Through its undergraduate grants program, HHMI encourages competency-based curriculum development by supporting programs that recruit new faculty who will teach in interdisciplinary areas; create inquiry-based learning opportunities; and implement the recommendations outlined in the Scientific Foundations for Future Physicians report.

They did it:

  • Oberlin College is establishing a center for quantitative skills that will help natural science students strengthen their understanding of quantitative and formal reasoning skills. The center will provide peer support for basics such as math and graphs, and advanced skills, such as modeling, which are common among different disciplines.
  • Luther College completed a $30-million expansion and renovation of its science facilities, which are designed to encourage and promote student-faculty interaction both within and outside the classroom and laboratory.
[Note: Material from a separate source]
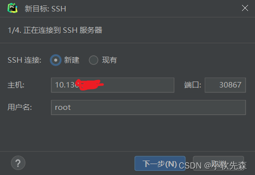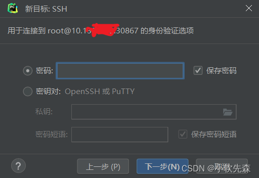 - 之后弹出这个框(不同版本是不一样的框,但是大差不差的,该有的内容都有,自己对照下填入就好了),主机就是服务器的IP地址,用户名一般是root,根据自己需求选择,端口也要填写服务器的

A grant from HHMI is enhancing those interactions between the science and education disciplines.
  • Purdue University is revising the introductory chemistry curriculum to include more biological chemistry with a focus on active learning approaches.
  • The University of Maryland, Baltimore County is infusing mathematical modeling into its introductory biology course, including quantitative reasoning skills and mathematical approaches to understand biological processes and living systems.
  • The University of Maryland, College Park is revising its introductory physics course for biology majors to present physics concepts in a biological context.
  • The University of Miami is developing biomedical case studies that will challenge students to use scientific inquiry to analyze the biology, physics, chemistry, and math involved in human health and disease.